■ PROVIDED RECORDS ■
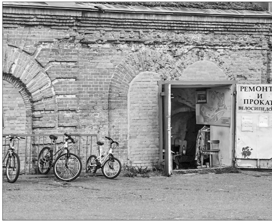
Велосипеды в крепости под запретом, но их прокат — нет.
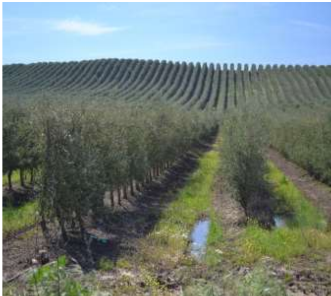
Plantations intensives d'oliviers en Alentejo

L'appel à communication est à rédiger. Se pose la question des langues : Le français et l'anglais sont incontournables. Quid du portugais ?
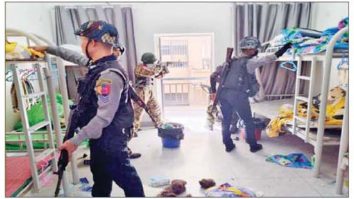
တရားမဝင် နိုင်ငံခြားသားများထားရှိသည့် လေးထပ်တိုက်အဆောက်အအုံကို ဝင်ရောက်ရှင်းလင်းနေစဉ်။

စာမျက်နှာ ၂၄ မှ ရှင်းလင်းခြင်း၊ အွန်လိုင်းလိမ်လည်လောင်းကစားမှု လုပ်ငန်းစဉ်များတွင် အသုံးပြုခဲ့သည့် သိမ်းဆည်းရမိပစ္စည်းများနှင့် တရားမဝင်အဆောက်အအုံများအား စနစ်တကျ ဖြိုဖျက်ဆီးခြင်းများ ဆက်လက် ဆောင်ရွက်လျက်ရှိသည်။ ထိုသို့ အွန်လိုင်းလိမ်လည်မှုများနှင့် အွန်လိုင်းလောင်းကစားမှုတိုက်ဖျက်ရေး လုပ်ငန်းများ ဆောင်ရွက်ရာတွင် မြဝတီ-ခွဲထော်သလေး(KK Park) နယ်မြေအတွင်းရှိ အွန်လိုင်းလိမ်လည်လောင်းကစားမှုများ ကျူးလွန်ရာတွင် အသုံးပြုခဲ့သည့် အဆောက်အအုံများကို အပိုင်းသုံးပိုင်းခွဲ၍ စနစ်တကျ ဖြိုဖျက်ဆီးခြင်းများ ဆောင်ရွက်လျက်ရှိရာ ယနေ့တွင် အပိုင်း(၃) နယ်မြေအတွင်းရှိ တရားမဝင် အဆောက်အအုံ ခုနစ်လုံးကို ထပ်မံဖြိုဖျက်ဆီးခဲ့သဖြင့် အပိုင်း(၃)နယ်မြေအတွင်းရှိ အဆောက်အအုံ ၄၂၅ လုံးအနက် ယနေ့အထိ ၁၁၅ လုံးဖြိုဖျက်ဆီးခဲ့ကြောင်းနှင့် KK Park နယ်မြေအတွင်းရှိ တရားမဝင် အဆောက်အအုံ ၅၃၅ လုံး အနက် ၂၆၃ လုံးကို ဖြိုဖျက်ဆီးပြီးဖြစ်ကြောင်း သိရသည်။ အလားတူ ရွှေကုက္ကိုလ်နယ်မြေအတွင်း၌လည်း ရှင်းလင်းဖော်ထုတ်မှုများကို နိုဝင်ဘာ ၁၈ ရက်မှ စတင်ဆောင်ရွက်ခဲ့ရာ ယနေ့တွင်လည်း ရွှေကုက္ကိုလ်နယ်မြေအတွင်းရှိ လူနေအဆောက်အအုံများ၊ ဂိုဒေါင်များ၊ ဈေးဆိုင်ခန်းများ၊ ဟိုတယ်များနှင့် ကော်ဖီများ
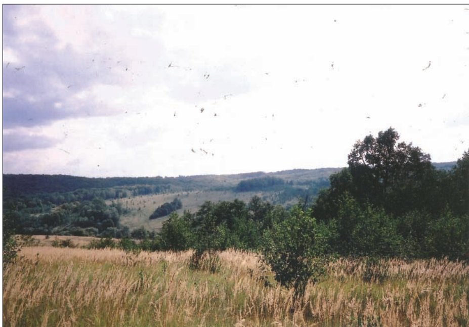
Hucisko w dniu 14 września 2003 r., widok na część zachodnią od strony Rakowca.

■ ACTION ITEM ■
Look above for the line with "L'appel à communication", then give again exactly every line from there through the line with "တရားမဝင် နိုင်ငံခြားသားများထားရှိသည့် လေးထပ်တိုက်အဆောက်အအုံကို", skipping the pictures.

■ ANSWER BOX ■
L'appel à communication est à rédiger. Se pose la question des langues : Le français et l'anglais sont incontournables. Quid du portugais ?
တရားမဝင် နိုင်ငံခြားသားများထားရှိသည့် လေးထပ်တိုက်အဆောက်အအုံကို ဝင်ရောက်ရှင်းလင်းနေစဉ်။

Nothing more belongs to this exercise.